# Negril.com Message Board Forums > Technical Issues >  Trip ticker

## Stoners6

Anyone out there willing to give a quick lesson on how to add a trip ticker to my signature. I have created one at the ticker factory but when I cut and paste I just get the words,numbers,etc.

----------


## captaind

Go to tickerfactory.com and design your ticker. At the end it will give you the code to embed in your signature. You will have to do a bit of a tweek to make it show up. Choose this code selection

*bbCode:*

Copy and paste in into your signature
Post when you're ready to embed it and I'll show you how

----------


## Stoners6

So I tried that and itsays bb url not allowed

----------


## captaind

OK. Here's a ticker I just made




Remove the url= at the beginning and leave the bracket.
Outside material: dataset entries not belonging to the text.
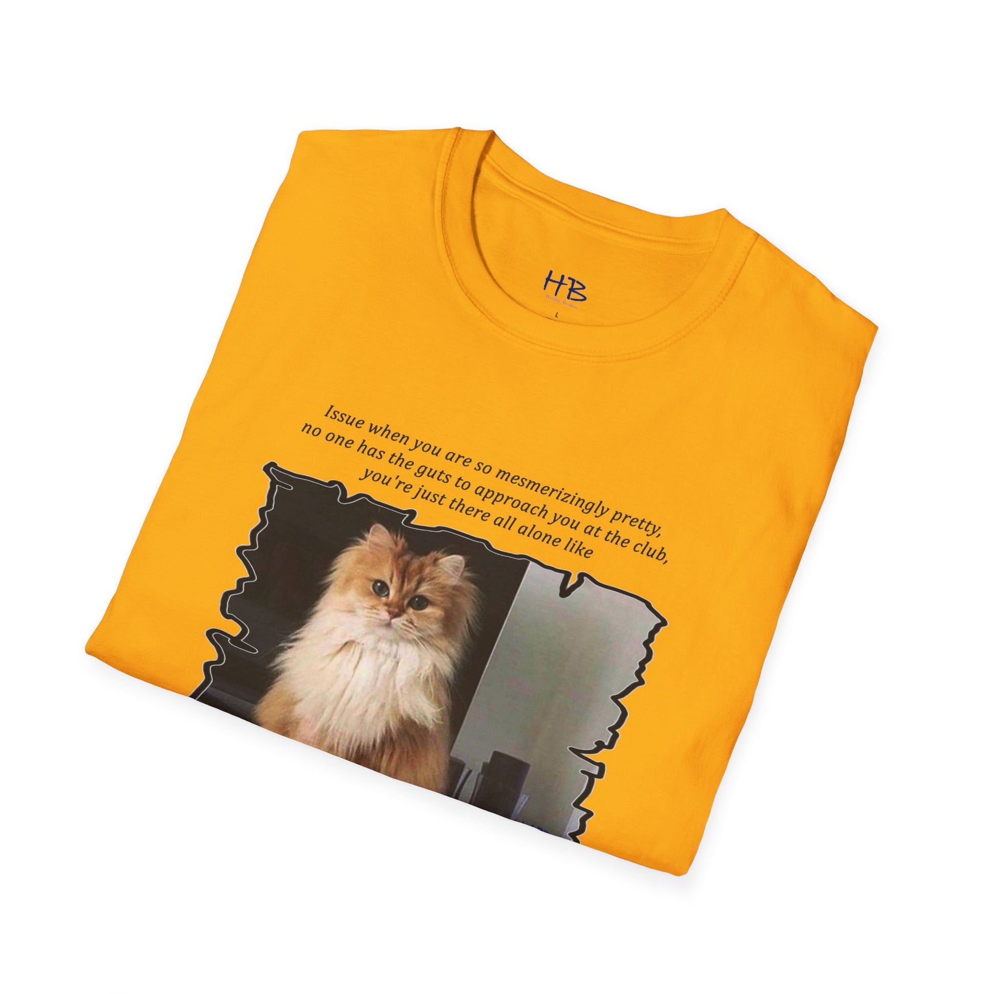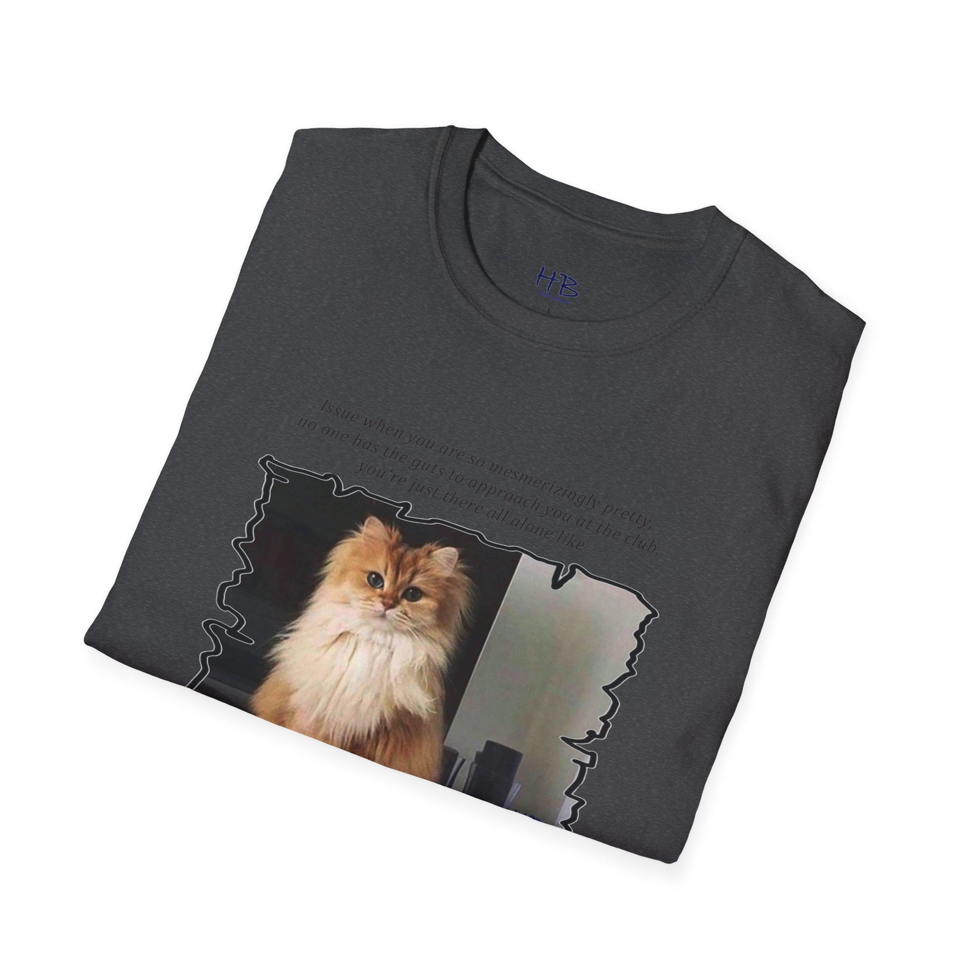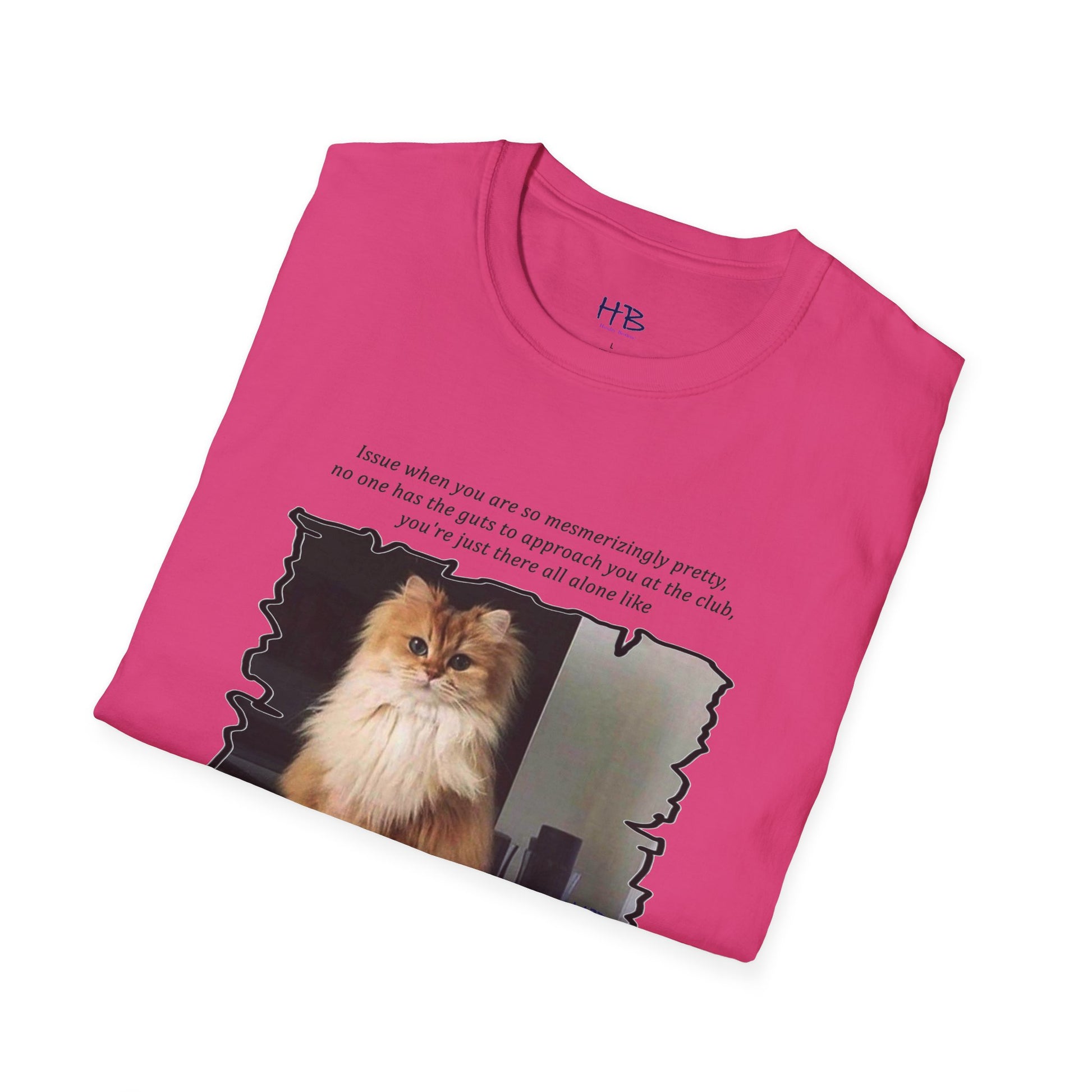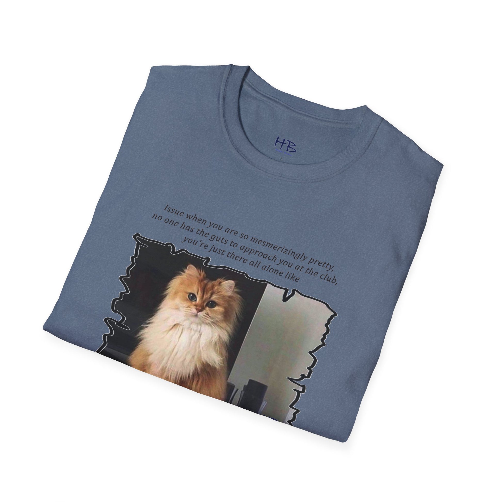 The accompanying text on the tee shirt reads, "When you're so mesmerizingly pretty, no one has the courage to approach you at the club. You're just there all alone, like a beautiful but lonely kitty." This clever text highlights the issue that even the most beautiful of creatures can feel alone and isolated at times.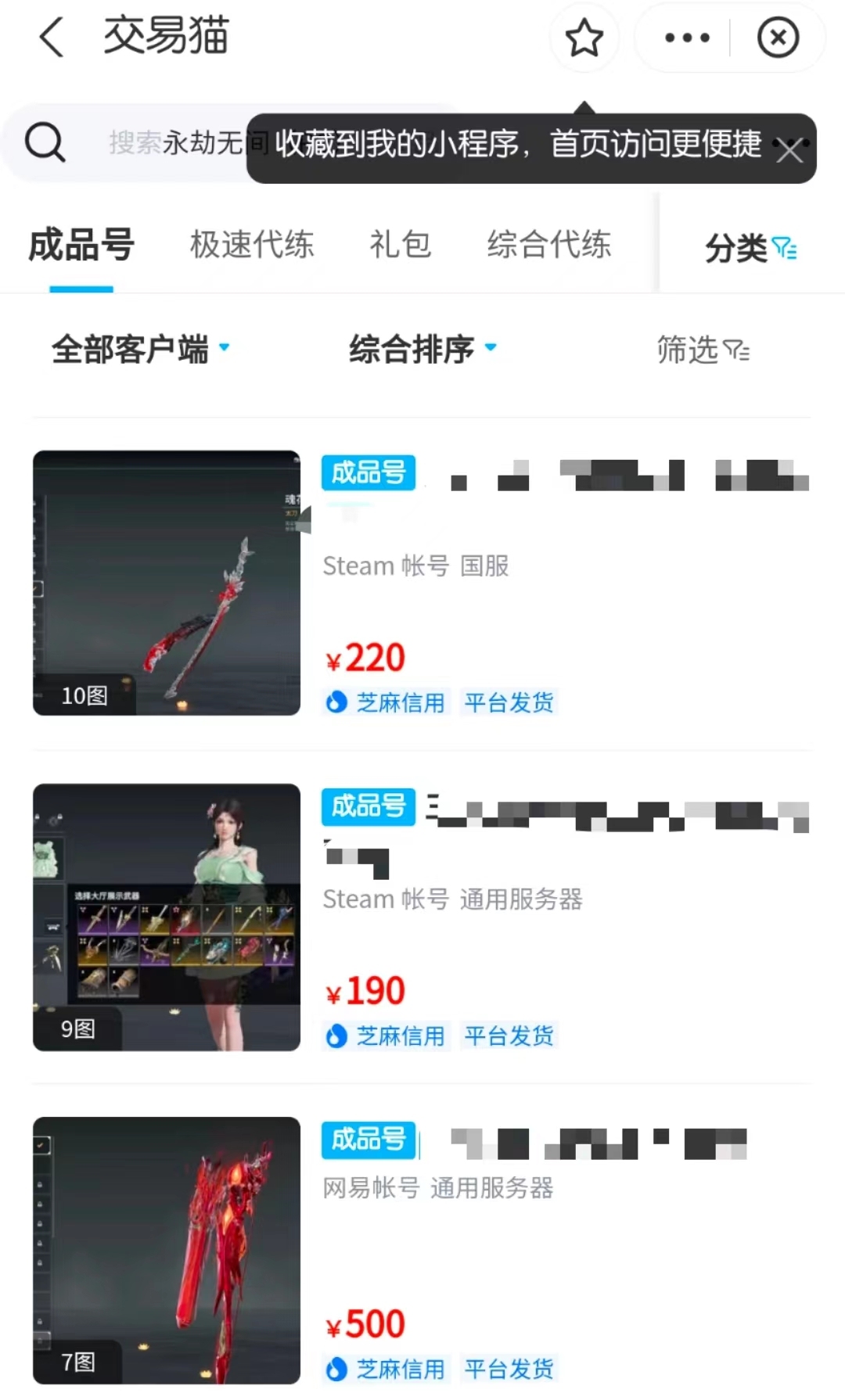 经常玩游戏的小伙伴都知道,很多大制作的游戏端都来自steam平台,在steam平台有很多非常火爆的游戏,就拿永劫无间来说,这款游戏刚上市不久,就收获了众多玩家的好评,喜欢金庸武侠片,拥有武侠梦的小伙伴对这款游戏简直就是爱不释手;因此想要体验游戏的玩家就想购买账号快速上手,小编在这里为大家推荐交易猫平台。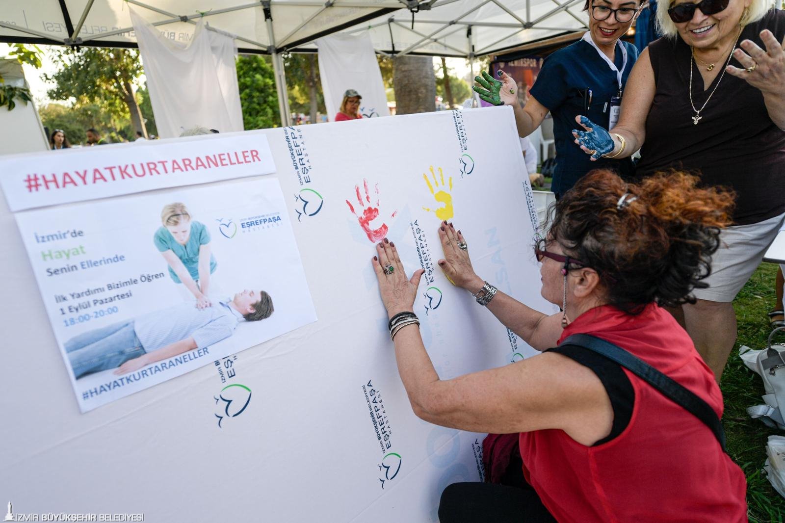 Stantta Hayat Kurtaran Eller etkinliği de yapıldı. Kalp masajını öğrenen katılımcılar ellerini renkli boyalara sürerek beyaz panoya iz bıraktı. Bayram, “Bu çalışma, bizim geleceğe bırakmak istediğimiz bir iz. Her kalp masajını öğrenen kişinin el izini buraya bırakmasını ve o panoyu saklamak, farkındalık oluşturmak istiyoruz” sözlerine yer verdi. Temel yaşam desteği eğitimlerinin fuar boyunca verileceğini kaydeden Bayram, ayrıca uzman hekimler ve hemşireler tarafından çeşitli etkinlikler yapılacağını sözlerine ekledi.

Remove the [url/] including brackets at the end

----------


## Stoners6

You the man captaind!

----------


## mud

[http://www.TickerFactory.com/]

----------


## JaJodi

It looks like you got it figured out! (and I haven't seen mine for a week or so)  :Smile:

----------


## rvrrunner

helped me out also

----------


## Marijane

Thank You!!! I gave up trying to get this to work!

----------


## Rambo

MUD....yours needs dates doesnt it??

----------


## mud

i put it in there but it didnt transfer,look at it this way,i can use it for next year too.

----------


## mud

test

----------


## mud

test again

----------


## mud

nothing worrks now,the heck with it

----------


## gregandkelly63

Finally found one I like!

----------


## Sam I Am

Gotta try mine!

----------


## mud

url]/ezt/d/4http://www.TickerFactory.com/][/url]
[/QUOTE]

----------


## mud

64 days lol

----------


## mud

test again

----------


## mud

test

----------


## mud

where the heck do you  post a signature?

----------


## captaind

> where the heck do you  post a signature?



Look in the upper right hand corner and you'll see a link called "settings". It's up there where the facebook link is.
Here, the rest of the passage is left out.